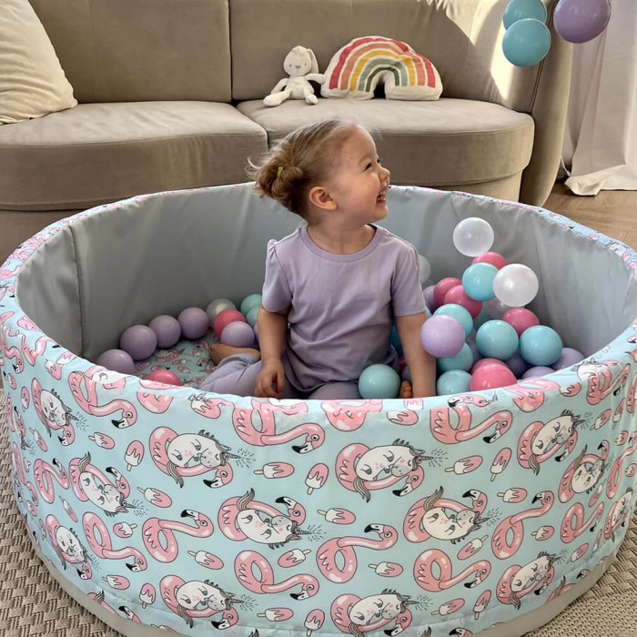 В комплект входит поролоновый напольный бассейн, съемный чехол из водонепроницаемой ткани Оксфорд с нежным принтом — фламинго и единорогами снаружи и на дне, 150 пластиковых шаров и сумка для хранения.
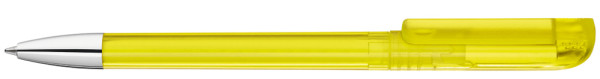Drehkugelschreiber mit transparent glänzendem Gehäuse, gefrosteter Clipoberfläche und Spitze glanzverchromt.
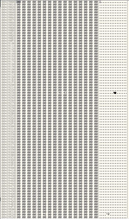 암호화 연산 후의 값이 담긴 ESI의 값을 저장할 공간을 데이터 영역에서 찾아주는데, 데이터 영역인 439000 주소로 가면 모두 00으로 채워져있다.
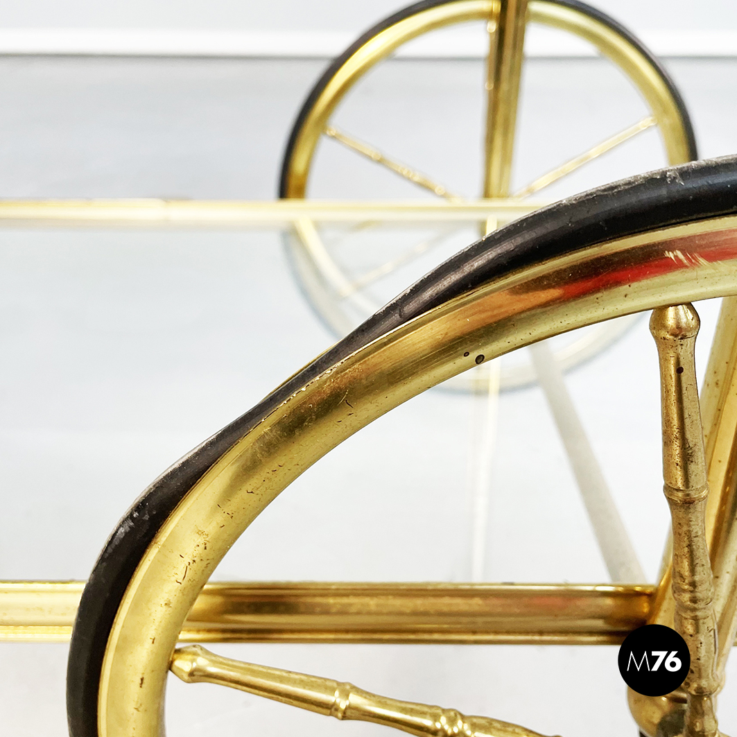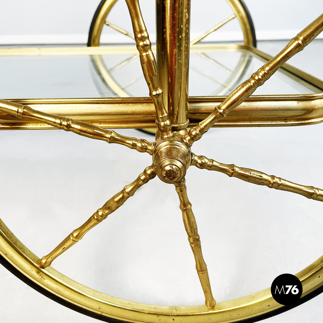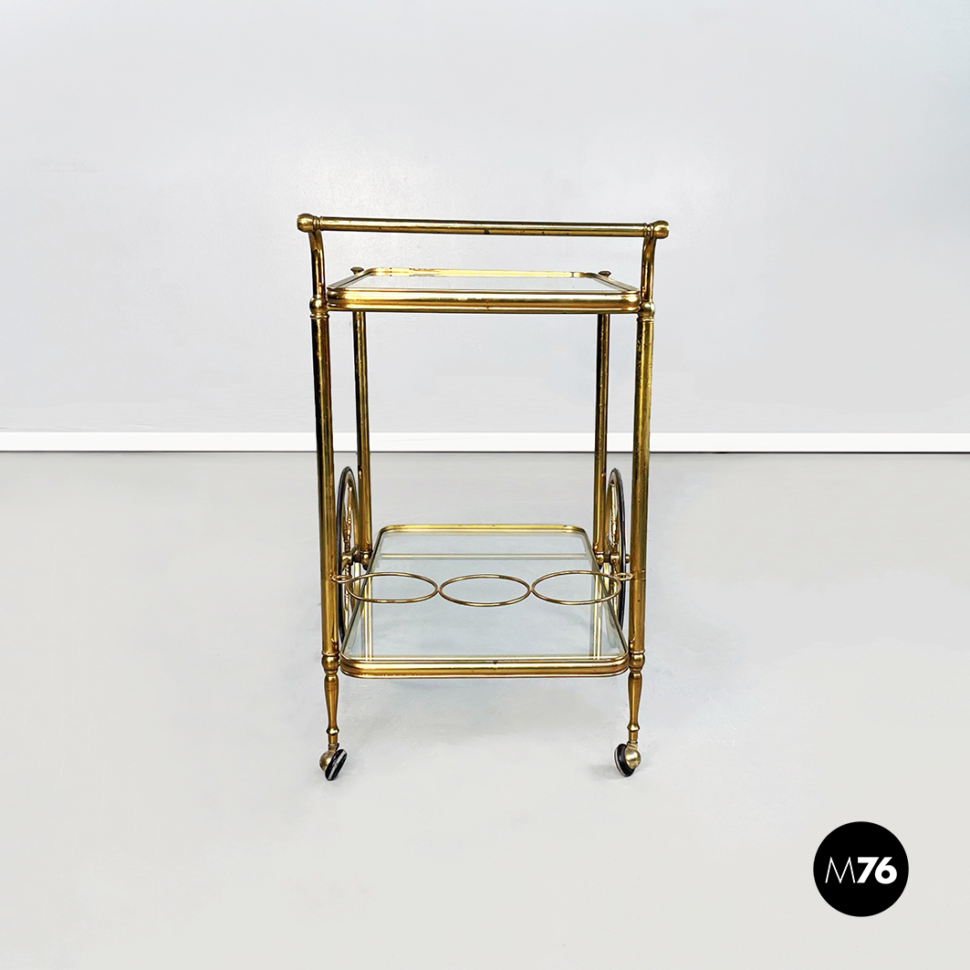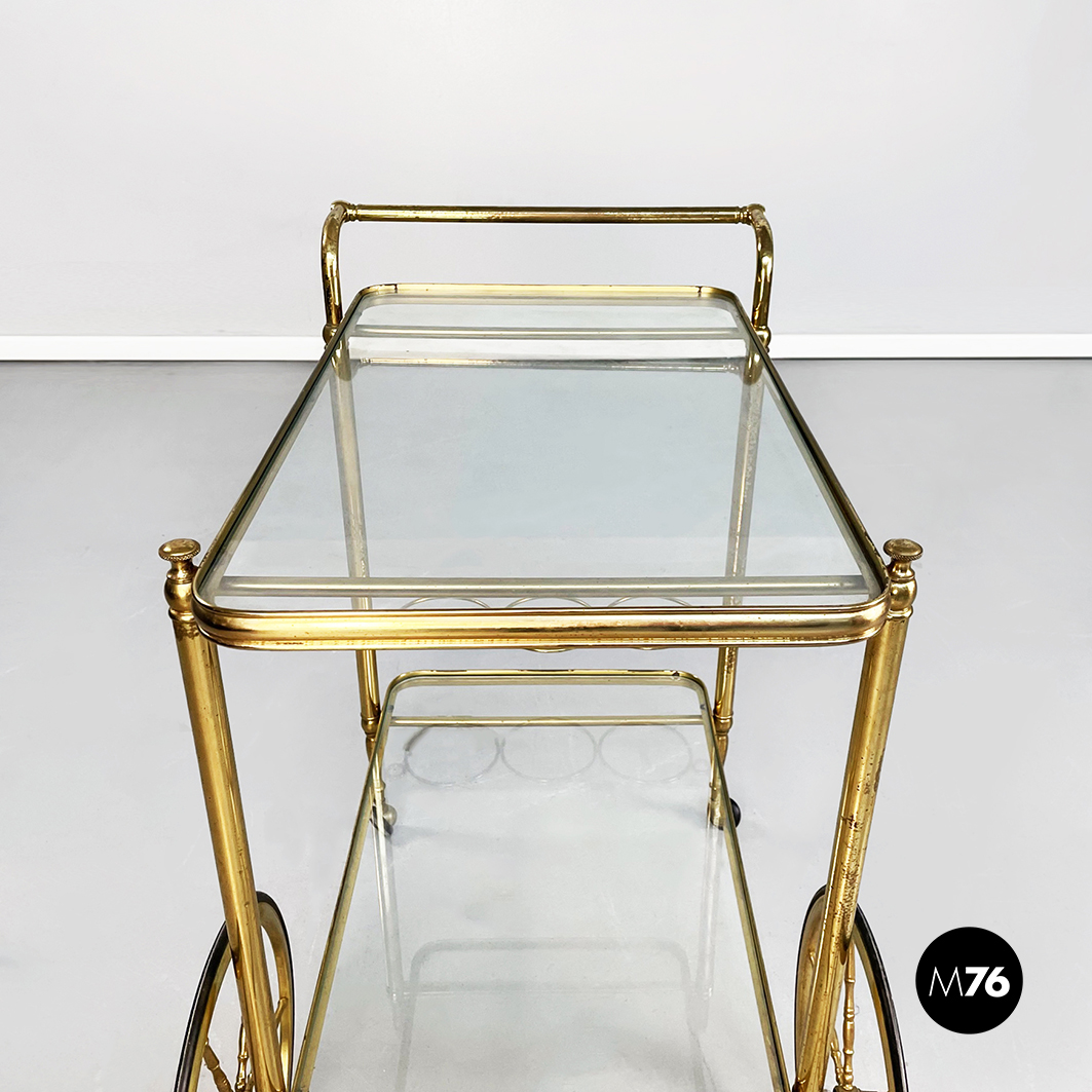 Rectangular food trolley with rounded corners in brass. The two shelves are made of two sheets of transparent glass on the lower one there are three bottle holders. The trolley has four finely crafted legs: the front ones have two large spoked wheels in brass and black rubber while the rear ones are small. Handle present.
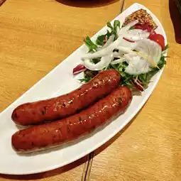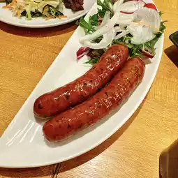 The beef tongue sausage was quite flavorful. Pairing it with the fresh greens on the side helped balance the saltiness. The key is to dip it in the mustard seed sauce—it’s a perfect match.
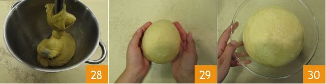 et travaillez pendant environ 5-6 minutes. La pâte est prête dès qu'elle s'accroche et se présente lisse et élastique 28. Boulez à nouveau la pâte 29 et transférez-la dans un bol. Couvrez avec un film plastique et laissez reposer dans le four éteint avec une casserole d'eau chaude pendant une heure 30.
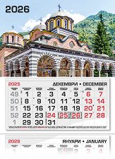 Календарът за 2026 г. е дванадесетлистов и съдържа изображения на икони, популярни български манастири и старинни църковни утвари. Съдържа: подробен православен календар; символът на вярата; 10 -те Божи заповеди; основни молитви; условия за кръщене и венчавка; официални и професионални празници; лунни фази; страница за лични бележки. Размери: в сгънато състояние: 30 x 30 cm. в разгънато състояние: 60 x 30 cm. ... |
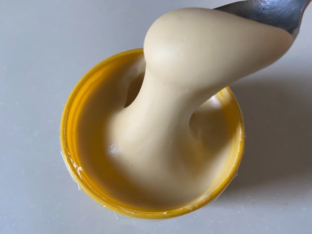 冷蔵庫から出してすぐでも固くなっておらず、スプーンを入れると粘度があってよく伸びます。常温で10分ほど置いておけば、柔らかいパンにもスムーズに塗れました♪
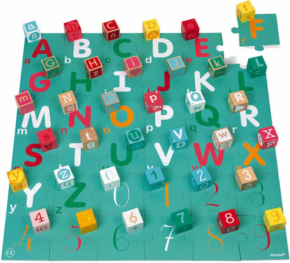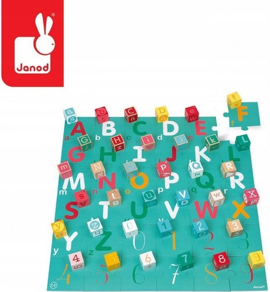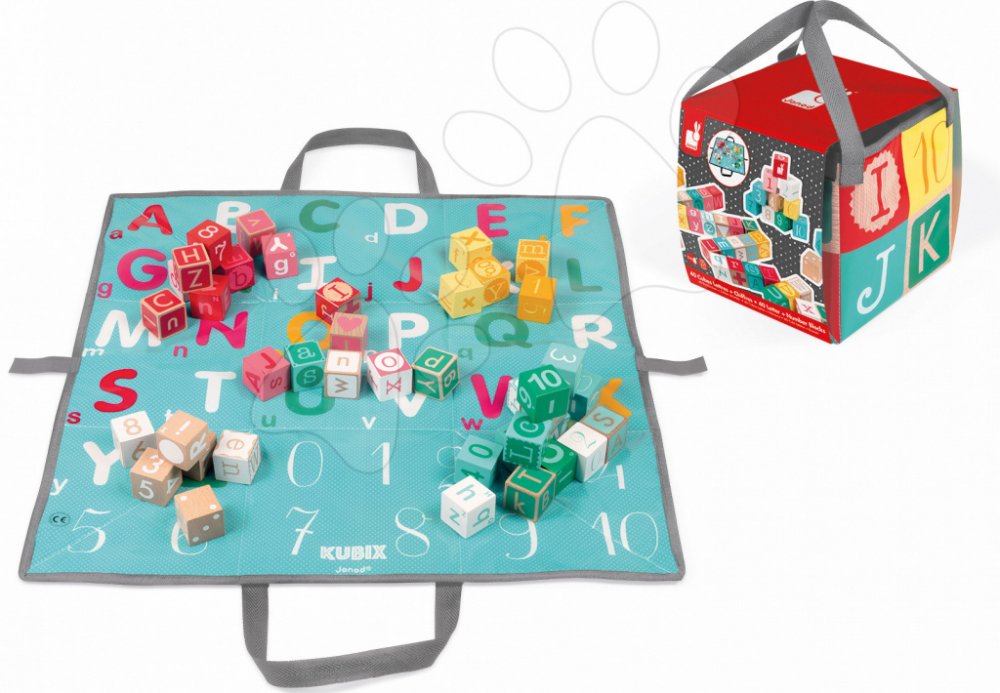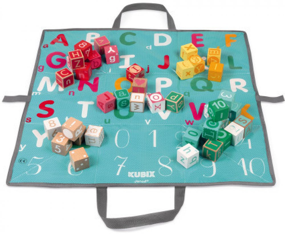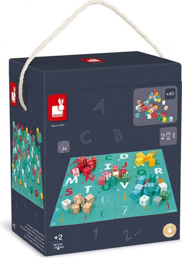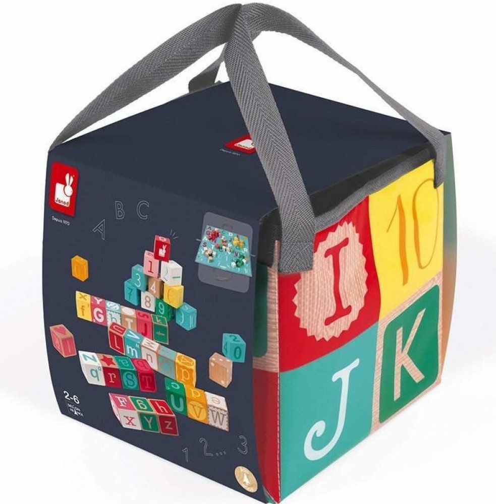 Janod sada 40 kostiček z masívního dřeva, natřené barvou na vodní bázi. Na kostičkách jsou čísla a písmena abecedy, děti si tak mohou trénovat psaní a počítání. V praktickém obalu, kam lze kostičky umisťovat, nebo je v něm přenášet.

######

Exercise goal - Output each line exactly as shown above; no pictures go in the copy.

Answer section -
 В комплект входит поролоновый напольный бассейн, съемный чехол из водонепроницаемой ткани Оксфорд с нежным принтом — фламинго и единорогами снаружи и на дне, 150 пластиковых шаров и сумка для хранения.
Drehkugelschreiber mit transparent glänzendem Gehäuse, gefrosteter Clipoberfläche und Spitze glanzverchromt.
 암호화 연산 후의 값이 담긴 ESI의 값을 저장할 공간을 데이터 영역에서 찾아주는데, 데이터 영역인 439000 주소로 가면 모두 00으로 채워져있다.
 Rectangular food trolley with rounded corners in brass. The two shelves are made of two sheets of transparent glass on the lower one there are three bottle holders. The trolley has four finely crafted legs: the front ones have two large spoked wheels in brass and black rubber while the rear ones are small. Handle present.
 The beef tongue sausage was quite flavorful. Pairing it with the fresh greens on the side helped balance the saltiness. The key is to dip it in the mustard seed sauce—it’s a perfect match.
 et travaillez pendant environ 5-6 minutes. La pâte est prête dès qu'elle s'accroche et se présente lisse et élastique 28. Boulez à nouveau la pâte 29 et transférez-la dans un bol. Couvrez avec un film plastique et laissez reposer dans le four éteint avec une casserole d'eau chaude pendant une heure 30.
 Календарът за 2026 г. е дванадесетлистов и съдържа изображения на икони, популярни български манастири и старинни църковни утвари. Съдържа: подробен православен календар; символът на вярата; 10 -те Божи заповеди; основни молитви; условия за кръщене и венчавка; официални и професионални празници; лунни фази; страница за лични бележки. Размери: в сгънато състояние: 30 x 30 cm. в разгънато състояние: 60 x 30 cm. ... |
 冷蔵庫から出してすぐでも固くなっておらず、スプーンを入れると粘度があってよく伸びます。常温で10分ほど置いておけば、柔らかいパンにもスムーズに塗れました♪
 Janod sada 40 kostiček z masívního dřeva, natřené barvou na vodní bázi. Na kostičkách jsou čísla a písmena abecedy, děti si tak mohou trénovat psaní a počítání. V praktickém obalu, kam lze kostičky umisťovat, nebo je v něm přenášet.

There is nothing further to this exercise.